Zu den Kritikern des Single-Sign-On gehört Dr. Magnus Harlander, Geschäftsführer der Genua GmbH, Kirchheim, einem der wenigen deutschen Hersteller von Firewalls: „Es kann nicht sein, dass ein Hacker mit einem Passwort bis zu den sensibelsten Daten durchmarschiert. Deshalb ist es notwendig, Daten und Systeme in unterschiedliche Sicherheitsklassen zu unterteilen, für die dann jeweils unterschiedliche Autorisierungsschemata gelten.“
Das sorgt zwangsläufig für Unruhe bei den Mitarbeitern. Die Kirchheimer halten mit Aufklärung dagegen. „Wenn man dem Anwender das Problem nicht klarmacht, dann wird er auch nicht einsehen, warum er etwas dagegen tun muss“, erklärt der Manager. Genua schaltet zwei Firewalls nacheinander, die mit unterschiedlichen Filtertechniken arbeiten. Laut Harlander muss man „immer damit rechnen, dass ein System ausfällt oder nicht optimal arbeitet. Ohne zweite Barriere hat man ein offenes Scheunentor“.

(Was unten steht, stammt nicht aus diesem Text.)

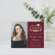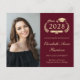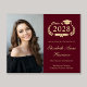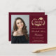 Anúncio moderno de formandos vermelho burgundy, amigável em orçamento, com "Classe de" em uma ilustração clara dourada da coroa de louros que incorpora um boné superior e um diploma, uma foto do formando e seu nome em um elegante roteiro de ouro leve. Adicione sua escola, major, honras ou planos futuros.
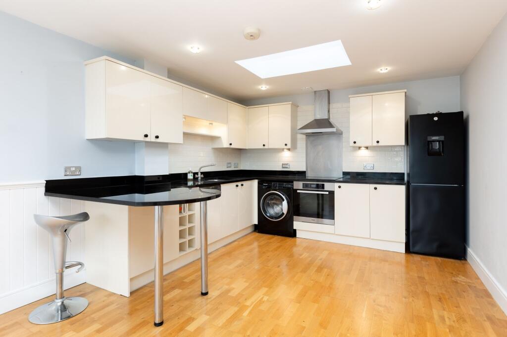 This property is a two bedroom, two bathroom penthouse apartment located in Starlings Bridge, Hitchin. The apartment is modern and well presented, with a contemporary kitchen and bathrooms. It benefits from a private balcony overlooking a green space. The location is convenient, with good access to local amenities and transport links. The list price is slightly above the average price per square foot for the area, however, the modern condition and desirable location justify this.
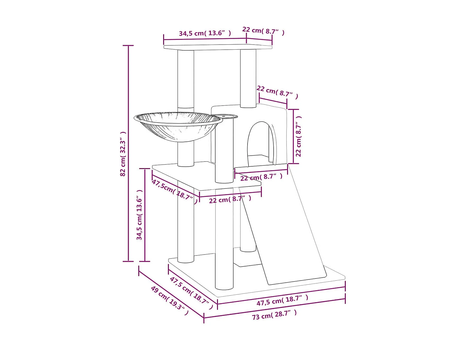 Arbre à chat avec griffoirs en sisal Gris foncé 82 cm
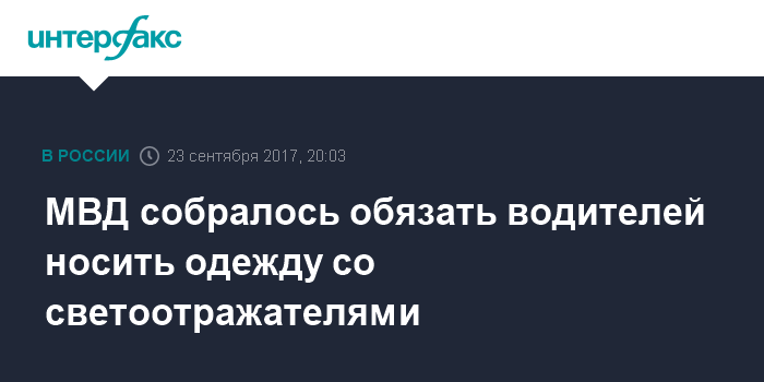 Москва. 23 сентября. INTERFAX.RU - МВД РФ намерено обязать водителей носить светоотражающую одежду при ночных остановках за пределами населенных пунктов, говорится на сайте ведомства.
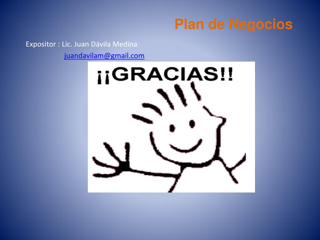 Plan de Negocios Expositor : Lic. Juan Dávila Medina juandavilam@gmail.com
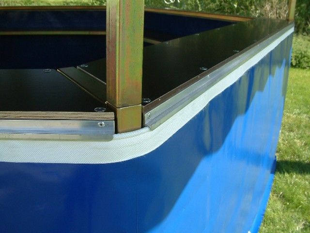 Dimensions: 4 x 3 m (surface au sol de 12 m²)Hauteur faîtage: 2,53 mHauteur parois: 2,08 mStructure: Acier 40x40/2 mm, galvanisé, finition argentéeBâche: PVC 650 g/m², ignifugée M2Coloris: Uni ou rayé au choix (blanc, champagne, crème, jaune, rouge, bleu clair, bleu foncé, vert clair, vert foncé, gris, noir)Double comptoir: Planche inférieure de 60 cm, planche supérieure de 30 cmAuvent: 1 m de large sur tout le pourtour
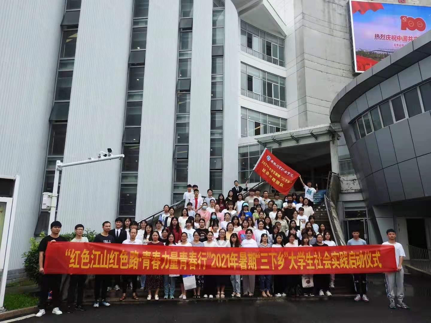 7月5日上午,学校在学术报告厅举行“红色江山红色路 青春力量青春行”2021年大学生暑期“三下乡”社会实践活动启动仪式。学校党委委员、副校长胡戴新出席仪式并为实践服务队授旗。学生处、团委、各院部党总支、团总支相关负责人及重点团队师生代表参加仪式。
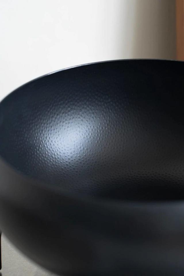 锅身可以看到是工匠打的。 2000 一个凹槽,这些凹槽就像一个微型储油库。烹饪时只需要 1 勺油,油珠自动滚入凹槽,包裹菜叶。
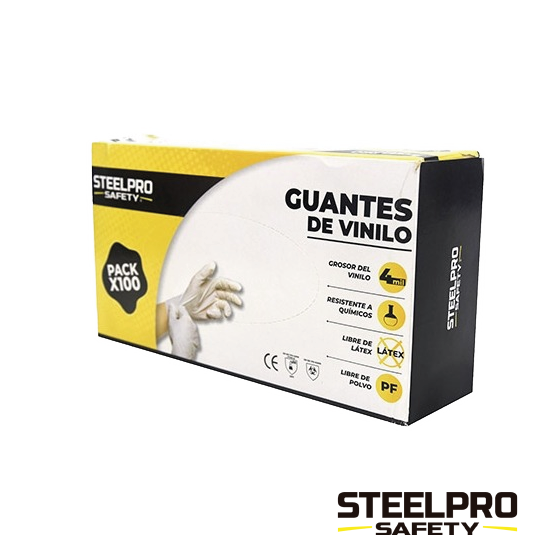 GUANTE VINILO DESCARTABLE (CAJA x 100) STEELPRO
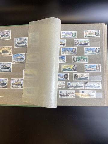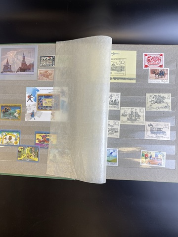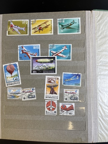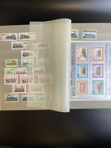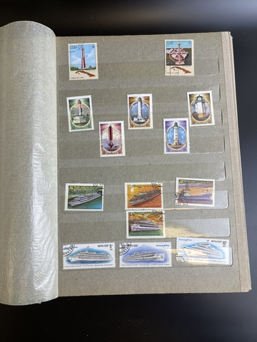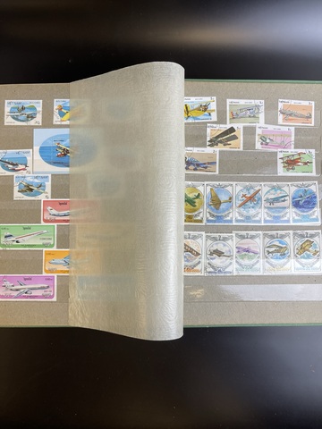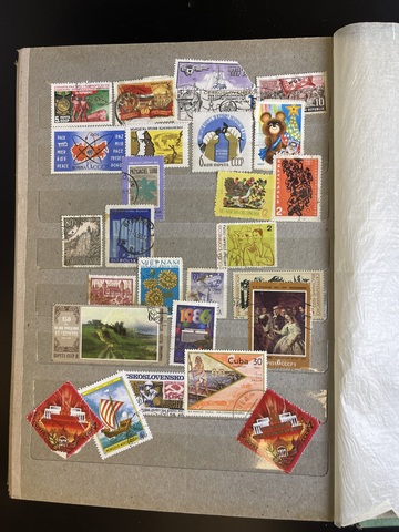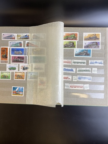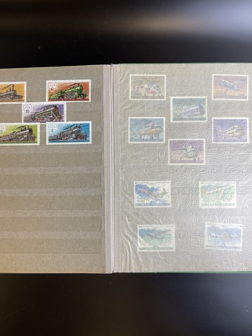 Марки в большом альбоме больше 200 штук, размер 30 на 21.5 см на разные тематики : корабли, мультфильмы, лошади, автомобили, паровозы, самолеты, вертолеты. Марки СССР, Монголии, Кубы, Вьетнама, Чехословакии. Есть еще свободные страницы для добавления марок
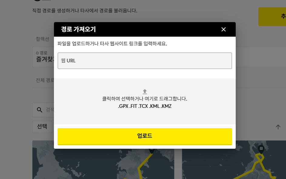 이 곳에 코스 파일을 올리고, [업로드] 버튼을 누르면 바로 코스가 등록된다.
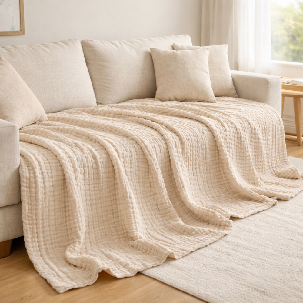 Experience the ultimate blend of comfort and style with our unique, breathable throw blanket. Designed for all seasons, its exquisite materials and thoughtful features set it apart, making your home warm and inviting.
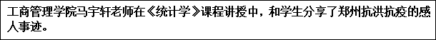 按照学校《2021年秋季开学思政第一课实施方案》要求,在9月6日,工商管理学院教师通过线上平台为学生上了“开学第一课”,如何引导学生把“灾难当教材,与祖国共成长”是每个教育人要思考的内容。为了引导学生学好“灾难教材”,勇于担当,工商管理学院教师从专业教学的角度,引导同学们坚定理想信念,厚植家国情怀,以昂扬的斗志投入新学期的学习。
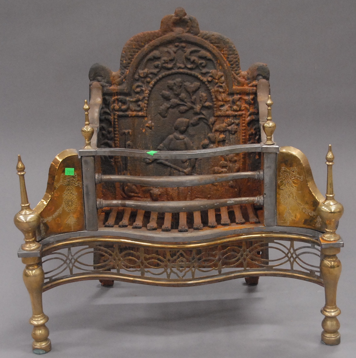 Federal style log holder with iron fire back and brass finials and trim. ht. 30 in. wd. 28 in. Provenance: Property from a Private Collection Sold for the Benefit of the Virginia Historical Society.

Eine komplette Firewall-Lösung um die 2500 Euro bietet die Allied Telesyn International GmbH. Das Berliner Unternehmen bietet seinen Kunden eine deutliche Absicherung der Remote-Zugänge zum Firmennetz. Sehr schnelle Router prüfen, ob eingehende Daten mit dem korrespondieren, was von autorisierter Seite abgefragt wurde. Sollte das nicht der Fall sein, wird sofort geblockt.